In vmx(4) TSO must pullup headers into first mbuf.

Forwarding IPv6 packets from vmx with LRO to vmx with TSO does not
work.  vmx(4) has the requirement that all headers are in the first
mbuf.  ip6_forward() is quite dumb.  It calls m_copym() to create
a mbuf that might be used for sending ICMP6 later.  After passing
the forwarded packet down to ether_encap(), m_prepend() is used to
restore the ethernet header.  As the mbuf cluster has been copied,
it is read only now.  That means m_prepend() does not provide the
empty space at the beginning of the cluster, but allocates a new
mbuf that contains only the ethernet header.  vmx(4) cannot transmit
such a TSO packet and drops it.

Solution is to call m_pullup() in vmxnet3_start().  If we ended up
in such a miserable condition, use the first mbuf in the chain and
move all headers into it.

ok?

bluhm

Index: dev/pci/if_vmx.c
===================================================================
RCS file: /data/mirror/openbsd/cvs/src/sys/dev/pci/if_vmx.c,v
diff -u -p -r1.87 if_vmx.c
--- dev/pci/if_vmx.c	7 Jun 2024 08:44:25 -0000	1.87
+++ dev/pci/if_vmx.c	12 Jun 2024 14:34:11 -0000
@@ -1619,6 +1619,8 @@ vmxnet3_start(struct ifqueue *ifq)
 	rgen = ring->gen;
 
 	for (;;) {
+		int hdrlen;
+
 		if (free <= NTXSEGS) {
 			ifq_set_oactive(ifq);
 			break;
@@ -1627,6 +1629,29 @@ vmxnet3_start(struct ifqueue *ifq)
 		m = ifq_dequeue(ifq);
 		if (m == NULL)
 			break;
+
+		/*
+		 * Headers for Ether, IP, TCP including options must lay in
+		 * first mbuf to support TSO.  Usually our stack gets that
+		 * right.
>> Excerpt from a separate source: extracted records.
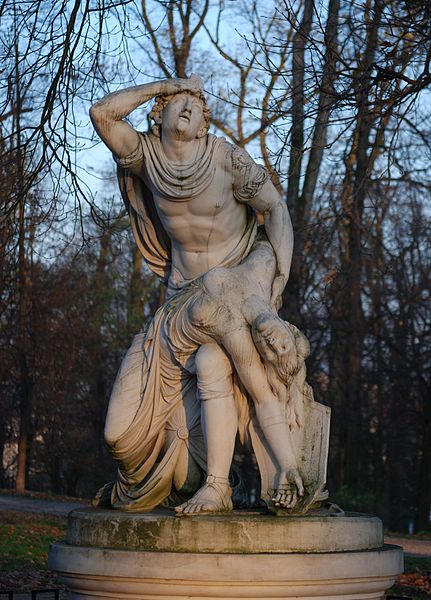 Tankred i Klorynda, kopia rzeźby w parku pałacowym przy Pałacu Czartoryskich w Puławach. Wikimedia
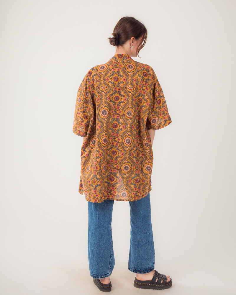 La chemise ample Amara est un incontournable de votre garde-robe. Sa coupe intemporelle rappelle les vestes kimono court, offrant à la fois un look décontracté et élégant. Son motif fleuri sombre est facile à porter et convient à toutes les morphologies. Fabriquée à partir d'un tissus légers en pur coton et de couleur végétale, cette chemise est non seulement confortable, mais aussi respectueuse de l'environnement. Associez-la à un jean pour un look casual, ou à un pantalon élégant pour une occasion spéciale. Polyvalente et chic, la chemise ample Amara est un véritable must-have pour toute personne soucieuse de son style.
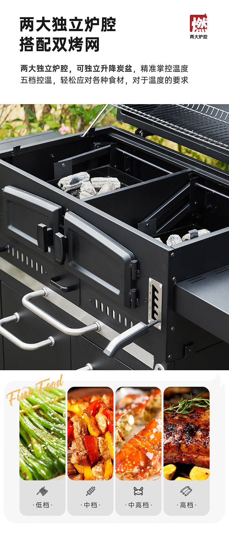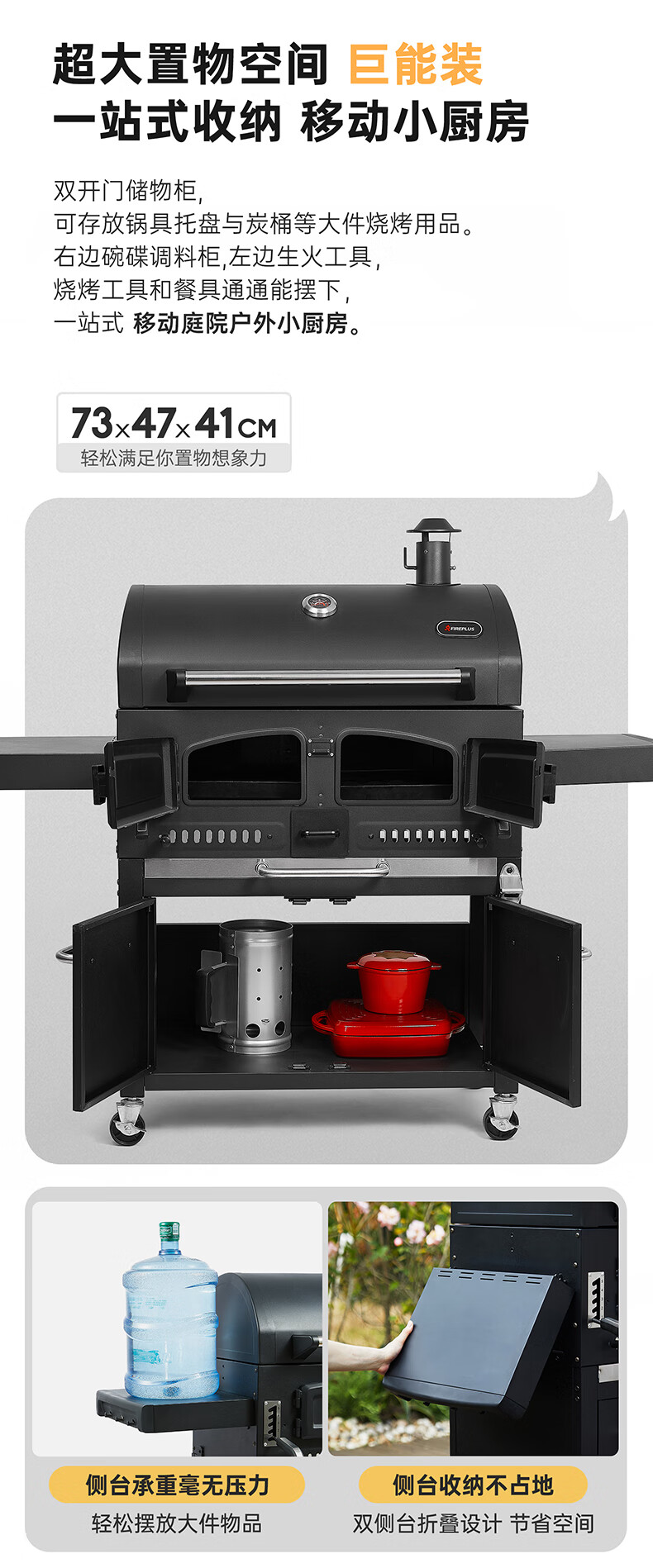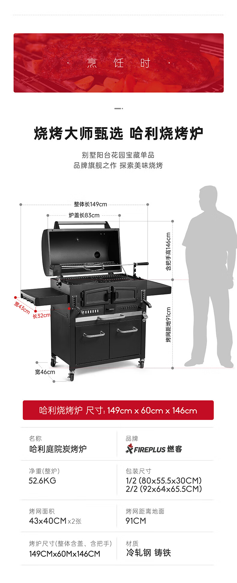 FIREPLUS燃客庭院烧烤炉别墅炭烤炉家用大型户外烤炉美式木炭烧烤架焖烤炉 哈利【烤炉+工具箱+烤支】
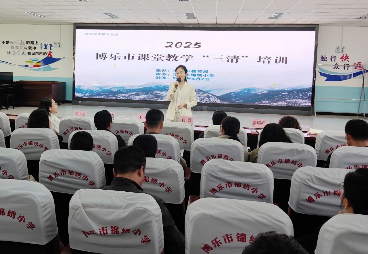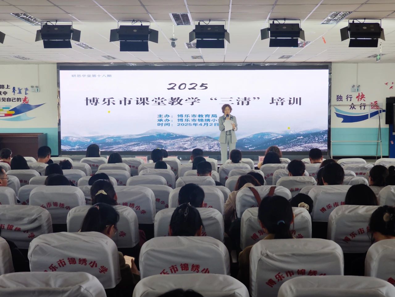 为大力推进博乐市义务教育教学改革国家实验区、自治区示范区建设工作,深入课堂教学改革,全面提升教育教学质量,4月2日下午,博乐市教育局在锦绣小学组织开展以“堂堂清、日日清、周周清”为核心理念的课堂教学“三清”专题培训会。全市各中小学书记、校长、教学副校长、教研主任及学科骨干教师等300余人齐聚一堂,共赴这场课堂教学“赋能之约”。
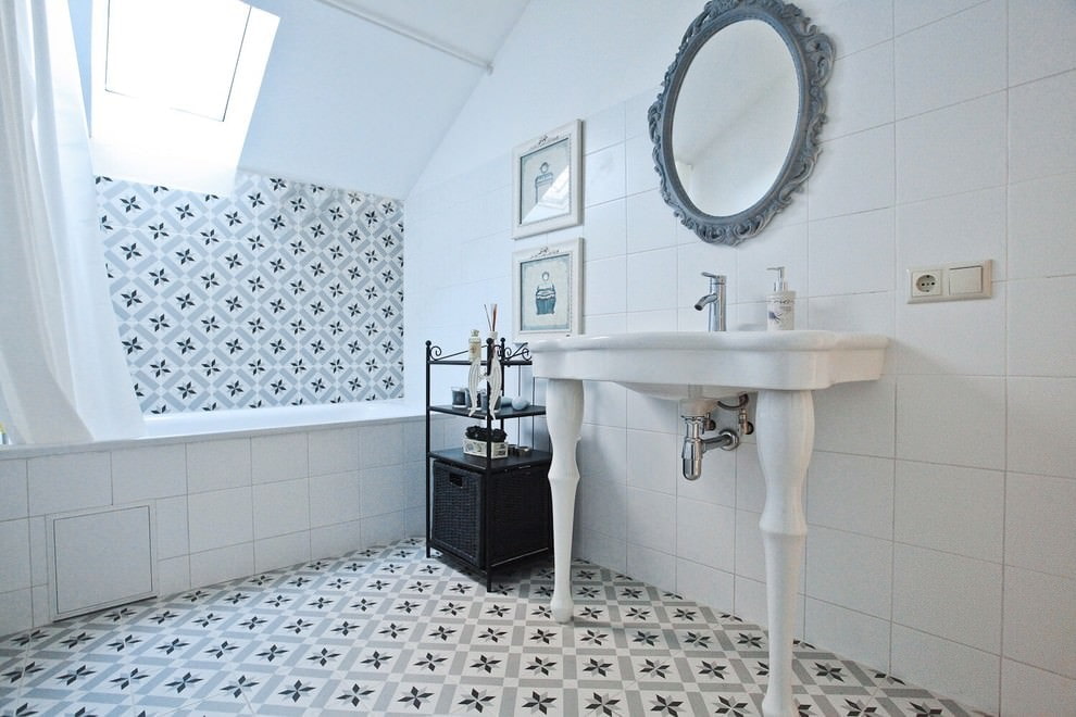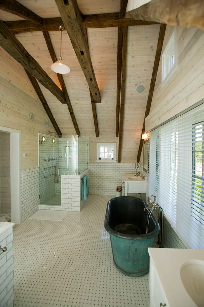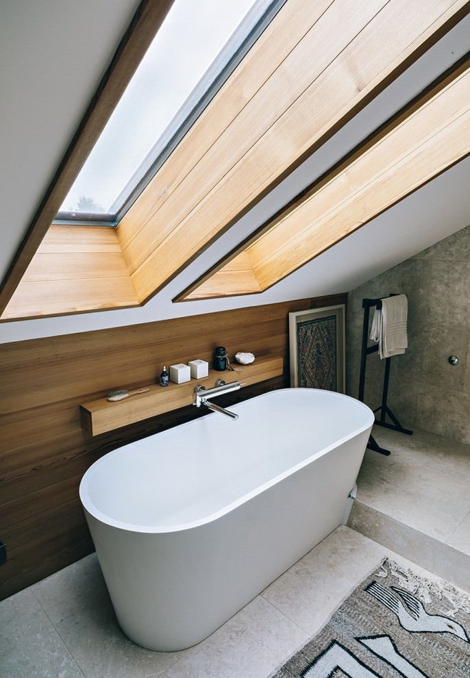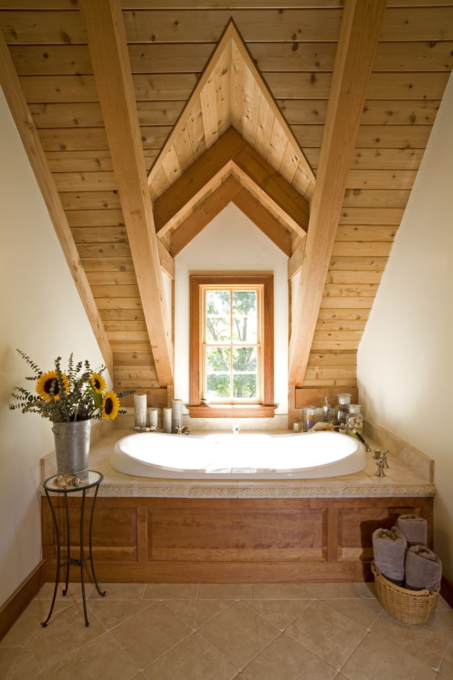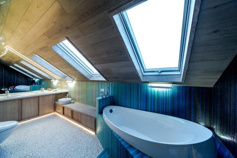 Dans la salle de bain mansardée, une combinaison de finitions est souvent utilisée - le bas des murs est carrelé ou lambrissé et le dessus est tapissé ou peint
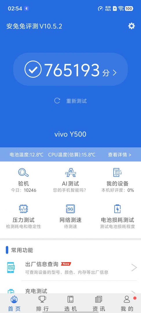 在安兔兔V10版本的测试中,vivo Y500的跑分达到了76万分,这一成绩在同价位段产品中表现非常出色,能够满足用户对高性能的基本需求。
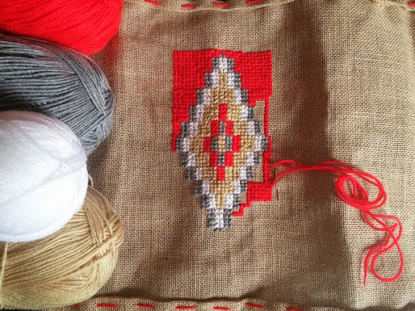 En estos días he empezado un proyecto que, poco a poco y como método de relax, pretendo llevar a cabo. Se trata de un punto de cruz con lana en tela de saco, el diseño me lo estoy inventando a medida que lo voy haciendo a partir de un motivo navajo. Es un cojín para para la terraza, quiero tenerlo listo para cuando empiece la temporada de verano. ¡Voy a tener que ponerme las pilas!.
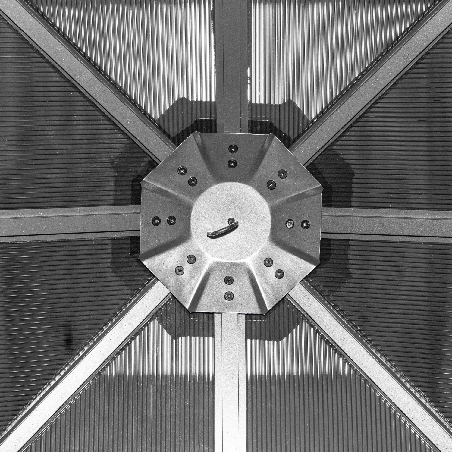 - Roof made of 6 mm (0.2 in.) UV protected tinted polycarbonate panels
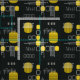 Ein modernes abstraktes Kunstdesign aus der Mitte des Jahrhunderts, das in den 1950er Jahren perfekt in die Welt passte. Verschiedene Formen ovaler Kreise und Linien in gelb und grau auf schwarzem Hintergrund.
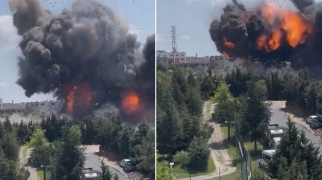 Yangın nedeniyle yoğun duman oluşurken, iş yerinde zaman zaman şiddetli patlamalar oldu.
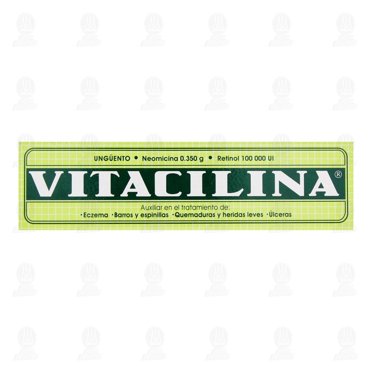 Vitacilina Ungüento Auxiliar en el Tratamiento de Afecciones de la Piel Tales Como Raspones, Quemaduras, Heridas Superficiales, Barros, Espinillas y Cortaduras. ¡Ah Que Buena Medicina! Tubo con 28 gramos (Neomicina, Retinol)
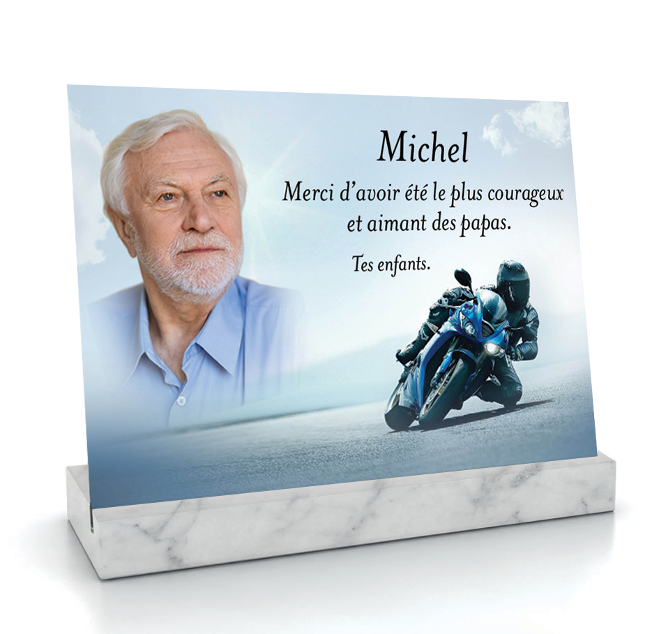 Rendez hommage à vos proches avec une plaque funéraire élégante et unique. Personnalisez-la facilement avec photo et texte. Fabrication française, qualité durable, impression haute définition.
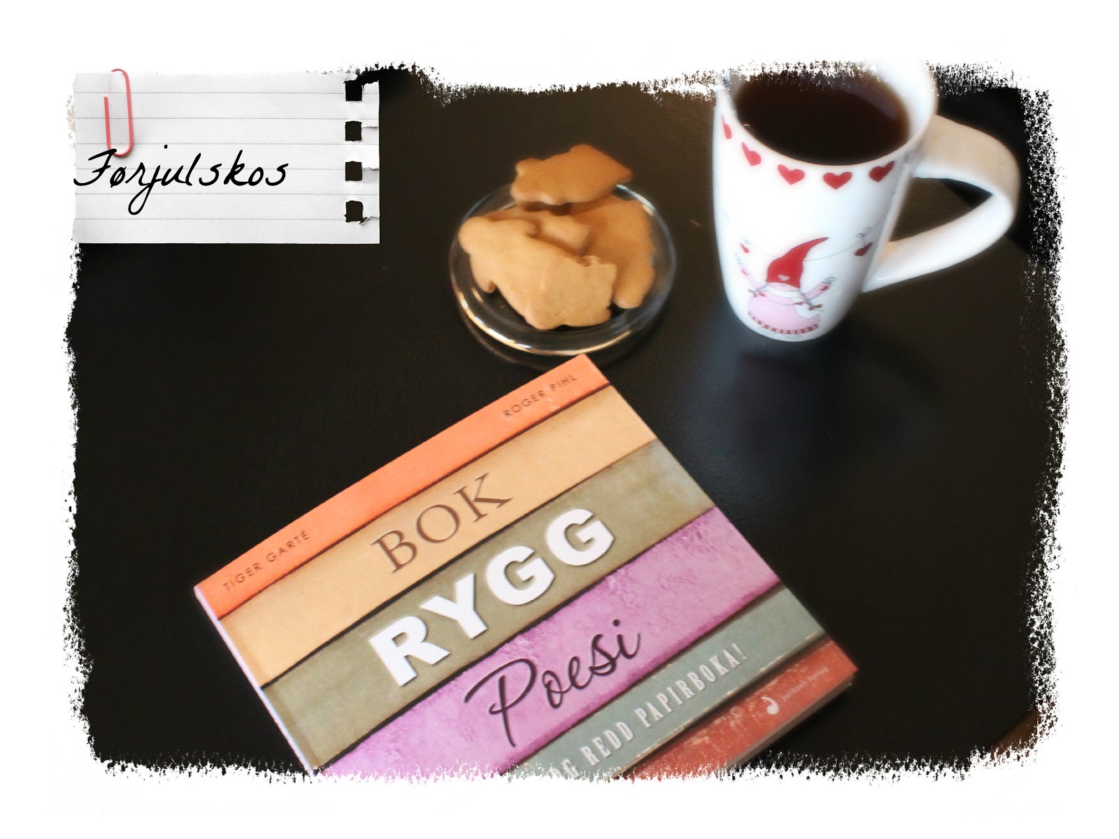 Morsom bok denne bokryggpoesi boken:) Har veldig veldig lyst å ta en titt i den kjenner jeg, er veldig nysgjerrig:)Så koselig ut med pepperkake å julete i julekrus:) Kos deg videre!:)
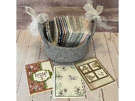 Gift basket of 30 assorted handmade greeting cards created by an Angels volunteer and avid crafter.
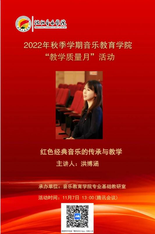 2022年11月7日,音乐教育学院专业基础课教研室洪博涵老师以腾讯会议形式在线举办了《红色经典音乐传承与教学应用》教学公开课。
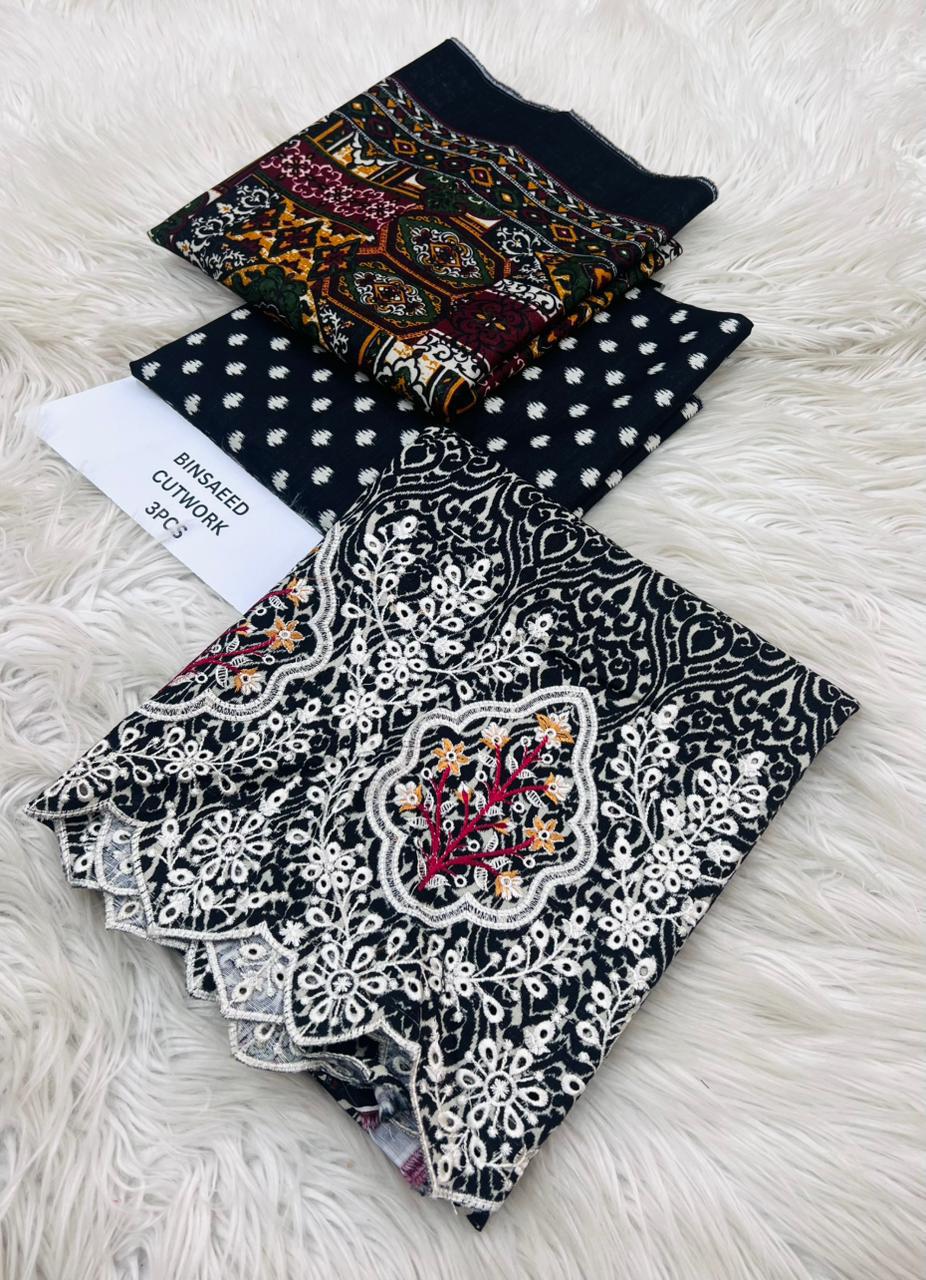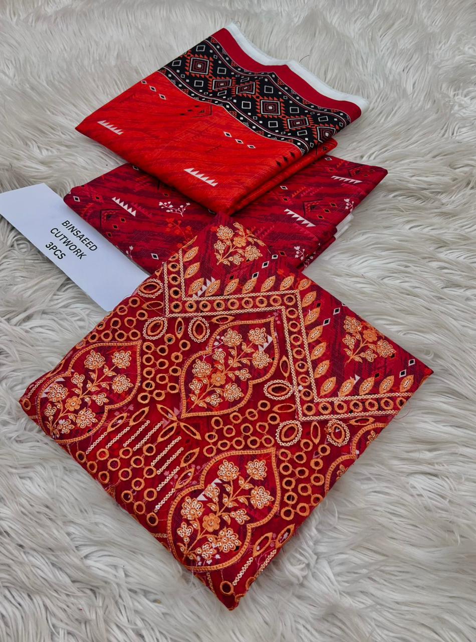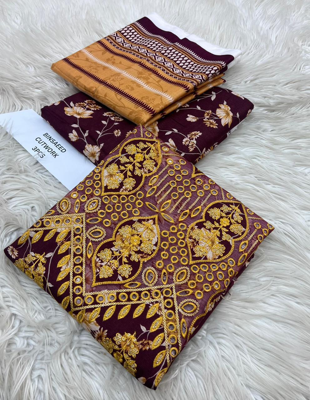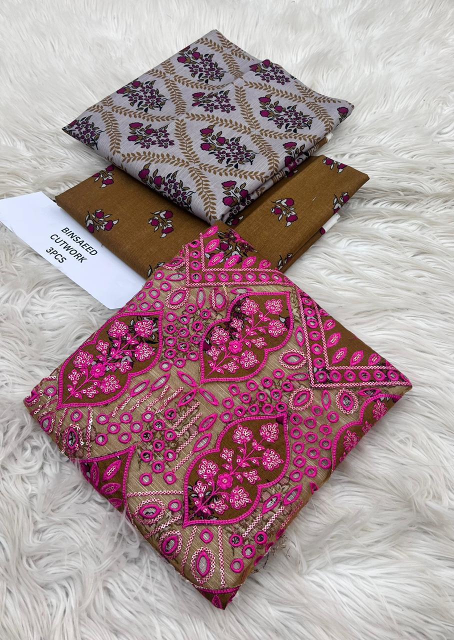 ORIGNAIL STOCK . BIN SAEED . PURE KHADAR COLLECTION 3PCS . GIGITAL EMB DESIGN . STUFF . BEST QUALITY PURE EMB KHADAR .. PRINTED KHADAR EMB SHIRT . PRINTED KHADAR DUPATTA . PRINTED KHADAR TROUSER AN DYED . BRAND STEMP ON FEBRIC .

To avoid packet parsing here, make a rough estimate
+		 * for simple IPv4.  Cases seen in the wild contain only ether 
+		 * header in separate mbuf.  To support IPv6 with TCP options,
+		 * move as much as possible into first mbuf.  Realloc mbuf
+		 * before bus dma load.
+		 */
+		hdrlen = sizeof(struct ether_header) + sizeof(struct ip) +
+		    sizeof(struct tcphdr);
+		if (ISSET(m->m_pkthdr.csum_flags, M_TCP_TSO) &&
+		    m->m_len < hdrlen && hdrlen <= m->m_pkthdr.len) {
+			hdrlen = MHLEN;
+			hdrlen -= mtod(m, unsigned long) & (sizeof(long) - 1);
+			if (hdrlen > m->m_pkthdr.len)
+				hdrlen = m->m_pkthdr.len;
+			if ((m = m_pullup(m, hdrlen)) == NULL) {
+				ifq->ifq_errors++;
+				continue;
+			}
+		}
 
 		map = ring->dmap[prod];